Exercise directions:
Retype every line from the start of the entries below down to the line with "Taśma izolacyjna 19", both ends included; skip the pictures.

Source material:
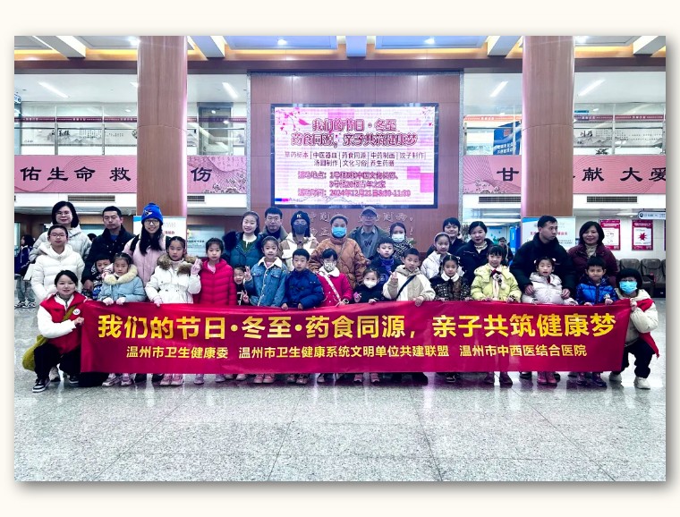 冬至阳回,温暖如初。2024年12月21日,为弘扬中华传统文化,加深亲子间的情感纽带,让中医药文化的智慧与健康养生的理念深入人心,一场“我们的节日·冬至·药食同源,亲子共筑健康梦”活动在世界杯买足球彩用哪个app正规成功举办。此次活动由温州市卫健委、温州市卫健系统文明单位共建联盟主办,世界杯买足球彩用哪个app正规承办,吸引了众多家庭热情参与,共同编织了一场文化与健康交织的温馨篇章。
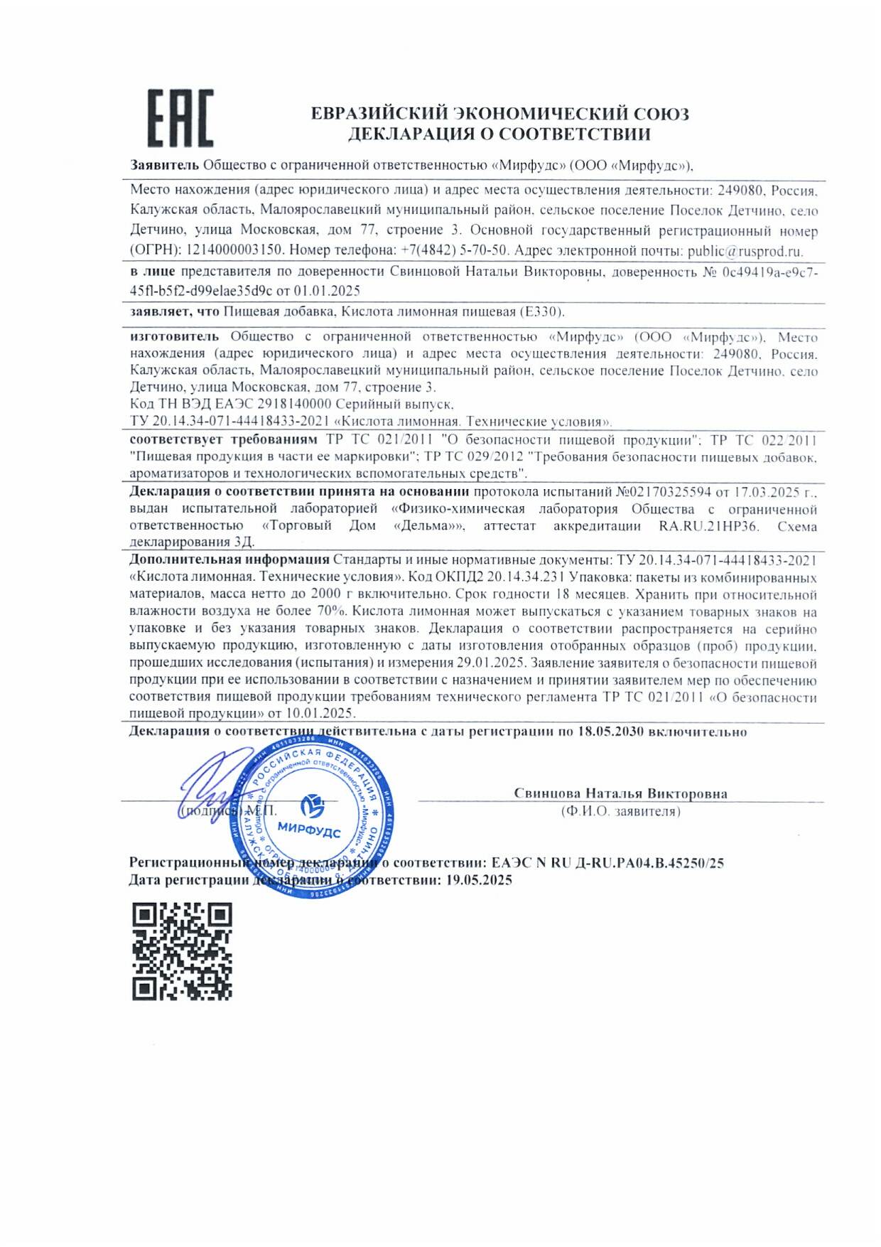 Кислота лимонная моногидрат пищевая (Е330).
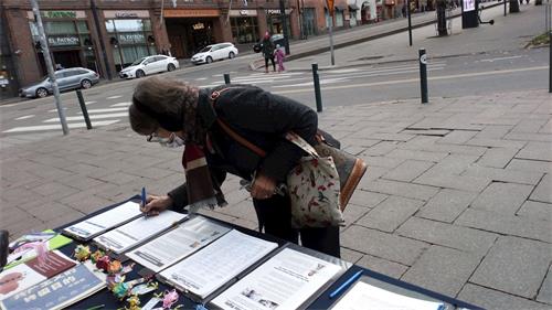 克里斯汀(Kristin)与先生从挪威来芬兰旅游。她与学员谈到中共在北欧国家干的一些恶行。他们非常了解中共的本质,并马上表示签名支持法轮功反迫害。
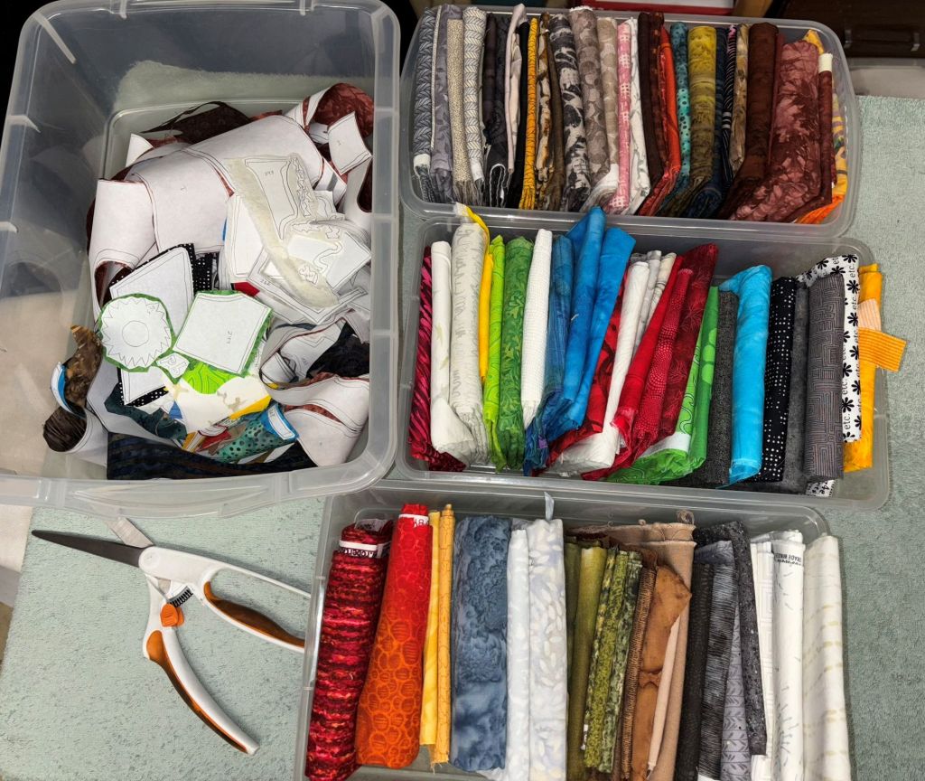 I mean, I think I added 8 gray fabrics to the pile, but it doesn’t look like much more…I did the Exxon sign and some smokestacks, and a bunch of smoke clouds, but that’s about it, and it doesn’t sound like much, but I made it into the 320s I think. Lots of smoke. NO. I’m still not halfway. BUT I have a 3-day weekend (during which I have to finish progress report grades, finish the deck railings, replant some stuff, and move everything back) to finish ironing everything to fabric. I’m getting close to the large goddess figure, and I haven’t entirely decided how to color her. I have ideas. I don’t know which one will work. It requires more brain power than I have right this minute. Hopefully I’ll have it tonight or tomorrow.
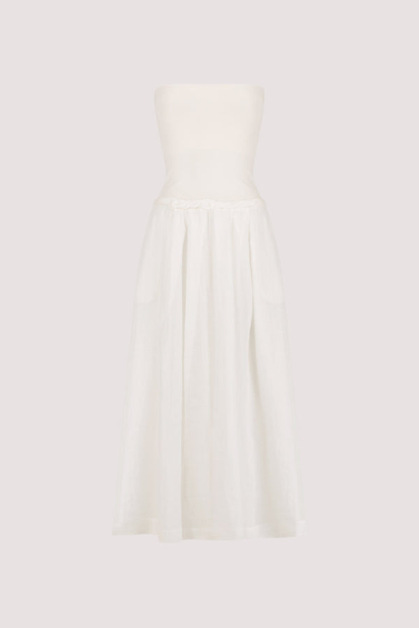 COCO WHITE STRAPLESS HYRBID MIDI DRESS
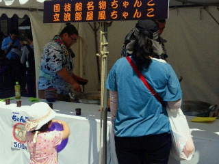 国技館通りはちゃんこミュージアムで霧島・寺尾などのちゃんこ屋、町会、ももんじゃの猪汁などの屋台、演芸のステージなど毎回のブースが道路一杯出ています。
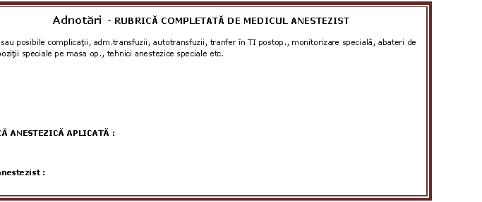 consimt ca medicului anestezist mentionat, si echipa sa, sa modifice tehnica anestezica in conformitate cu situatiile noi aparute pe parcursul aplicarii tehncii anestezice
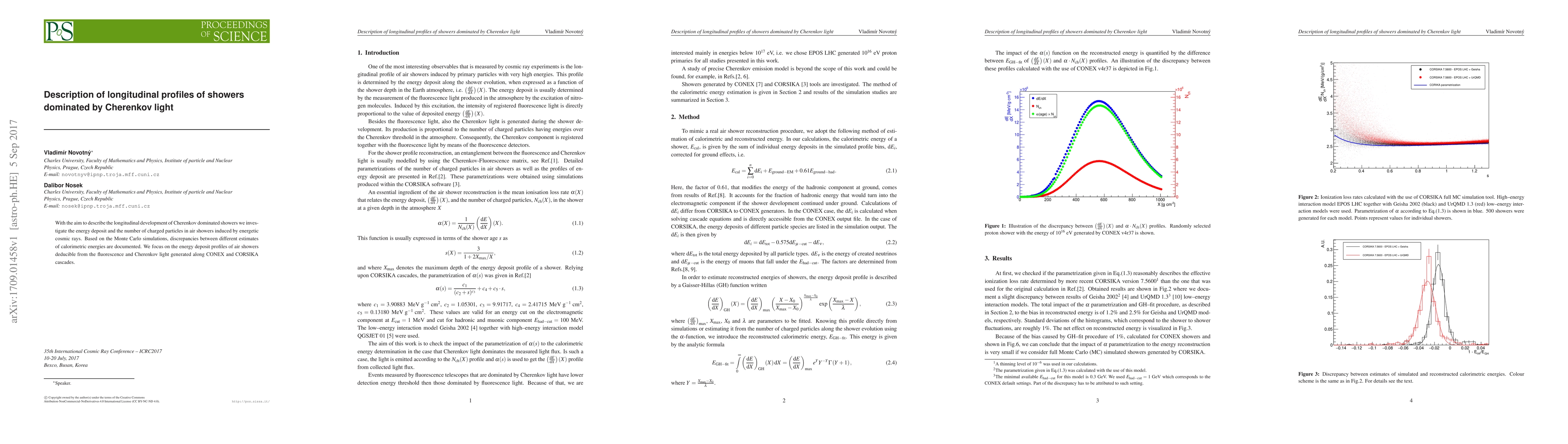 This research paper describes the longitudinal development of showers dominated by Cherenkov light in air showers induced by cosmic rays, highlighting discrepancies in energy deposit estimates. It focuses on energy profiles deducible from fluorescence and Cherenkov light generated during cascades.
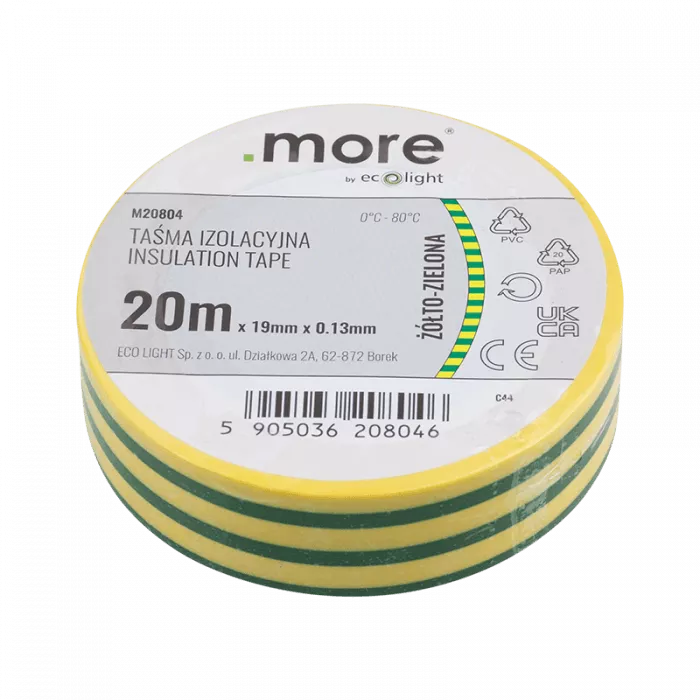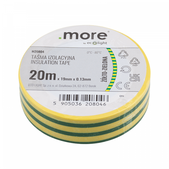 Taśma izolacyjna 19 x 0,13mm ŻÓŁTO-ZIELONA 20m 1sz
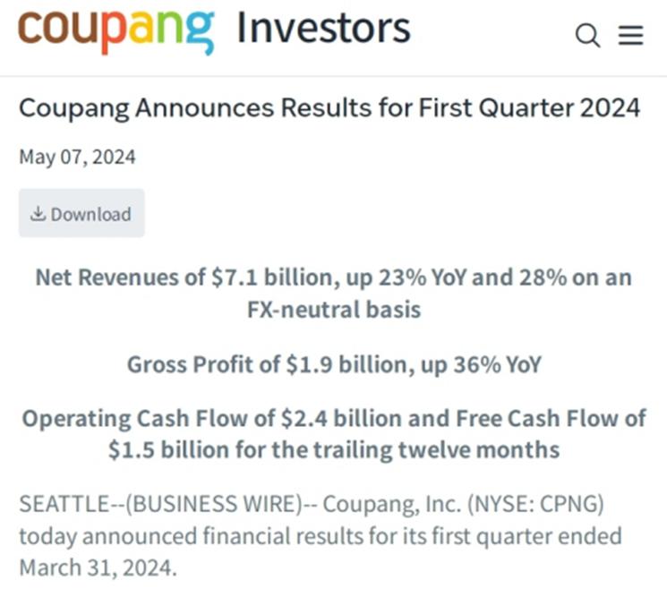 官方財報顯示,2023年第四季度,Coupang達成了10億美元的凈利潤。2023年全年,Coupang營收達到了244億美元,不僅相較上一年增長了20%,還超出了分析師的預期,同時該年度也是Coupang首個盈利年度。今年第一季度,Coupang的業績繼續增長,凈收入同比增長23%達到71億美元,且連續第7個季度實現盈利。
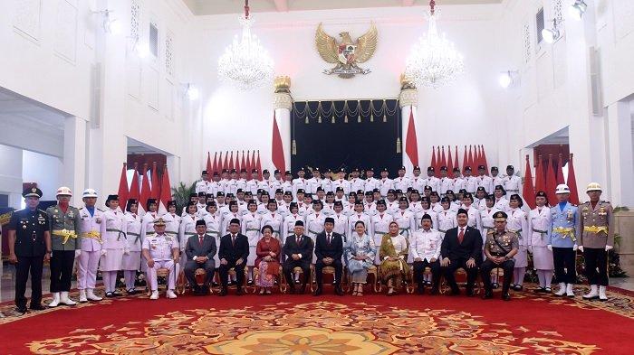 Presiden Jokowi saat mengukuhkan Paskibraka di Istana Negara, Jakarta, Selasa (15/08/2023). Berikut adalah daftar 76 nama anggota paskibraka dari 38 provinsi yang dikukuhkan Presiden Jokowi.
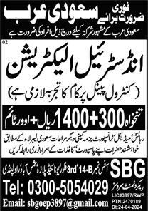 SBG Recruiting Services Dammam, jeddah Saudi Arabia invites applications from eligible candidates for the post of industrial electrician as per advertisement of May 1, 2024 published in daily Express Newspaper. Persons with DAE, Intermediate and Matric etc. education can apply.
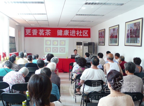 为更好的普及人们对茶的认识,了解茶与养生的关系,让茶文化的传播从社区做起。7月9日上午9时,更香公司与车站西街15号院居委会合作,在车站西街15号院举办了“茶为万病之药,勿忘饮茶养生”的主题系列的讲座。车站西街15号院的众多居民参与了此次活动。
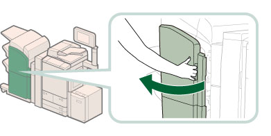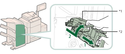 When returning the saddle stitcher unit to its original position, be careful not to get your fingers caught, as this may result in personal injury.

Result for this task:
 冬至阳回,温暖如初。2024年12月21日,为弘扬中华传统文化,加深亲子间的情感纽带,让中医药文化的智慧与健康养生的理念深入人心,一场“我们的节日·冬至·药食同源,亲子共筑健康梦”活动在世界杯买足球彩用哪个app正规成功举办。此次活动由温州市卫健委、温州市卫健系统文明单位共建联盟主办,世界杯买足球彩用哪个app正规承办,吸引了众多家庭热情参与,共同编织了一场文化与健康交织的温馨篇章。
 Кислота лимонная моногидрат пищевая (Е330).
 克里斯汀(Kristin)与先生从挪威来芬兰旅游。她与学员谈到中共在北欧国家干的一些恶行。他们非常了解中共的本质,并马上表示签名支持法轮功反迫害。
 I mean, I think I added 8 gray fabrics to the pile, but it doesn’t look like much more…I did the Exxon sign and some smokestacks, and a bunch of smoke clouds, but that’s about it, and it doesn’t sound like much, but I made it into the 320s I think. Lots of smoke. NO. I’m still not halfway. BUT I have a 3-day weekend (during which I have to finish progress report grades, finish the deck railings, replant some stuff, and move everything back) to finish ironing everything to fabric. I’m getting close to the large goddess figure, and I haven’t entirely decided how to color her. I have ideas. I don’t know which one will work. It requires more brain power than I have right this minute. Hopefully I’ll have it tonight or tomorrow.
 COCO WHITE STRAPLESS HYRBID MIDI DRESS
 国技館通りはちゃんこミュージアムで霧島・寺尾などのちゃんこ屋、町会、ももんじゃの猪汁などの屋台、演芸のステージなど毎回のブースが道路一杯出ています。
 consimt ca medicului anestezist mentionat, si echipa sa, sa modifice tehnica anestezica in conformitate cu situatiile noi aparute pe parcursul aplicarii tehncii anestezice
 This research paper describes the longitudinal development of showers dominated by Cherenkov light in air showers induced by cosmic rays, highlighting discrepancies in energy deposit estimates. It focuses on energy profiles deducible from fluorescence and Cherenkov light generated during cascades.
 Taśma izolacyjna 19 x 0,13mm ŻÓŁTO-ZIELONA 20m 1sz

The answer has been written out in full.